RECORDS FOR THIS TASK ::
++++++++

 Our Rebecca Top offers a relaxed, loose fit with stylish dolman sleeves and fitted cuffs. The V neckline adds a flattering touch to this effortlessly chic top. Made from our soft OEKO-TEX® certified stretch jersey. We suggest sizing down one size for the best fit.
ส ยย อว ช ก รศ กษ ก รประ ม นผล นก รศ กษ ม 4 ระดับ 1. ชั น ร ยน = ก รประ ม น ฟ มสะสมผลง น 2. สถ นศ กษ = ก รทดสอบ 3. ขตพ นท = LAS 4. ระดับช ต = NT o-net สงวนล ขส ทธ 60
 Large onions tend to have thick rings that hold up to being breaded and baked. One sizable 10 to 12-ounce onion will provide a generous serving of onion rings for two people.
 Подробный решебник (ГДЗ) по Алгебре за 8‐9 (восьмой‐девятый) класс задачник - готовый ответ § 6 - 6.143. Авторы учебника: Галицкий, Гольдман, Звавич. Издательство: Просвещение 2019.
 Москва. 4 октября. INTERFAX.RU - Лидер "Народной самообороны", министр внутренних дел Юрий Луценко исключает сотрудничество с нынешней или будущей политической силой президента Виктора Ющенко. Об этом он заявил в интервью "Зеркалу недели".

++++++++

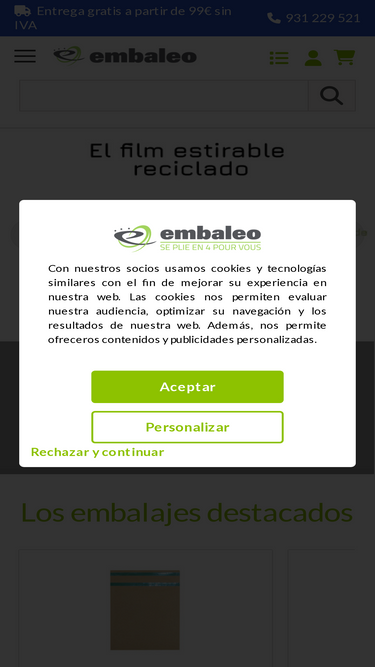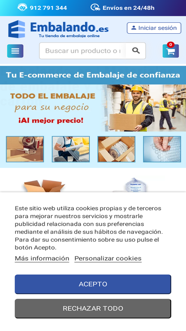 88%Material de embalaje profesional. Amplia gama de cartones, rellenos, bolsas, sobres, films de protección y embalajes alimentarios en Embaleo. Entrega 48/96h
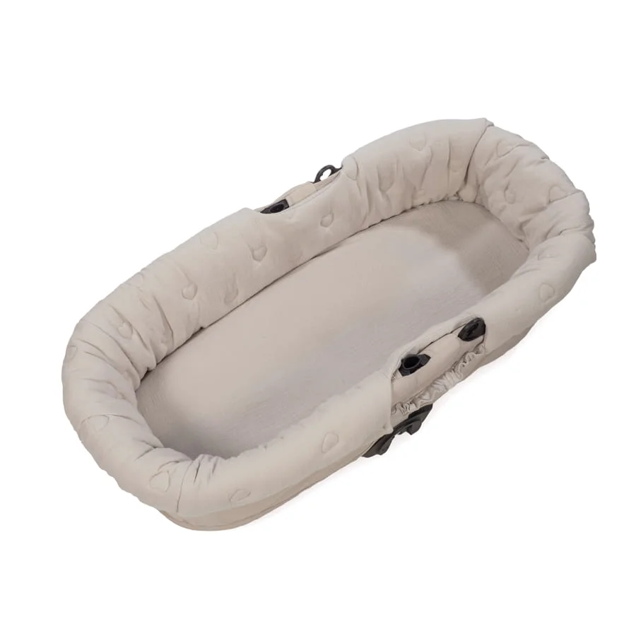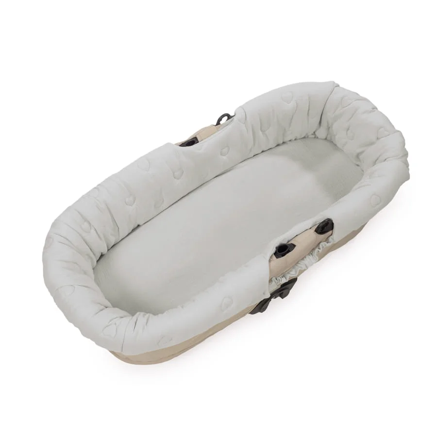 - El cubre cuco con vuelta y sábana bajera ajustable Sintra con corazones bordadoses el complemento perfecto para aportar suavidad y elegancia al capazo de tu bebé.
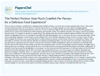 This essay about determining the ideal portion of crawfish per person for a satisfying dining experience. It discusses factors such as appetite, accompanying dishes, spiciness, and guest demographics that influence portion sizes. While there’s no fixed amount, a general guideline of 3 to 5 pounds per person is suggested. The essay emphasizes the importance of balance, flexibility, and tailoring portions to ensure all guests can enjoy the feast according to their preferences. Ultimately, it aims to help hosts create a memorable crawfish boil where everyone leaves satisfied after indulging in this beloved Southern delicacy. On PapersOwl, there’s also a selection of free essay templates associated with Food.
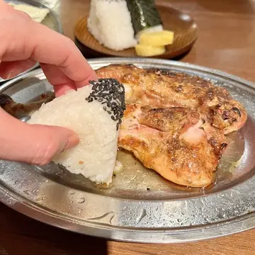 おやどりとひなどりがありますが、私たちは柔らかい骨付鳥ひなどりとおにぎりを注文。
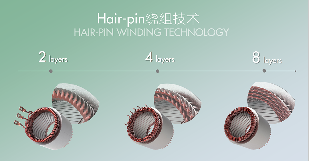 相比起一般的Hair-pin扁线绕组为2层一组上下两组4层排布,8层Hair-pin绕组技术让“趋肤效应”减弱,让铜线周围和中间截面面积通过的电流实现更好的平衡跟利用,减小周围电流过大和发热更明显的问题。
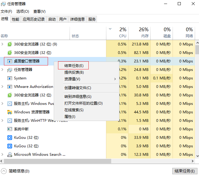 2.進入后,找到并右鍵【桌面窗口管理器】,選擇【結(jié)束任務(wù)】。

++++++++

AIM OF THE TASK :: Copy the lines of the data above exactly as written, beginning with the line containing "ส ยย อว ช ก" and ending with the line containing "Москва. 4 октября.", and leave out all other lines.

SOLUTION TO THE PROBLEM ::
ส ยย อว ช ก รศ กษ ก รประ ม นผล นก รศ กษ ม 4 ระดับ 1. ชั น ร ยน = ก รประ ม น ฟ มสะสมผลง น 2. สถ นศ กษ = ก รทดสอบ 3. ขตพ นท = LAS 4. ระดับช ต = NT o-net สงวนล ขส ทธ 60
 Large onions tend to have thick rings that hold up to being breaded and baked. One sizable 10 to 12-ounce onion will provide a generous serving of onion rings for two people.
 Подробный решебник (ГДЗ) по Алгебре за 8‐9 (восьмой‐девятый) класс задачник - готовый ответ § 6 - 6.143. Авторы учебника: Галицкий, Гольдман, Звавич. Издательство: Просвещение 2019.
 Москва. 4 октября. INTERFAX.RU - Лидер "Народной самообороны", министр внутренних дел Юрий Луценко исключает сотрудничество с нынешней или будущей политической силой президента Виктора Ющенко. Об этом он заявил в интервью "Зеркалу недели".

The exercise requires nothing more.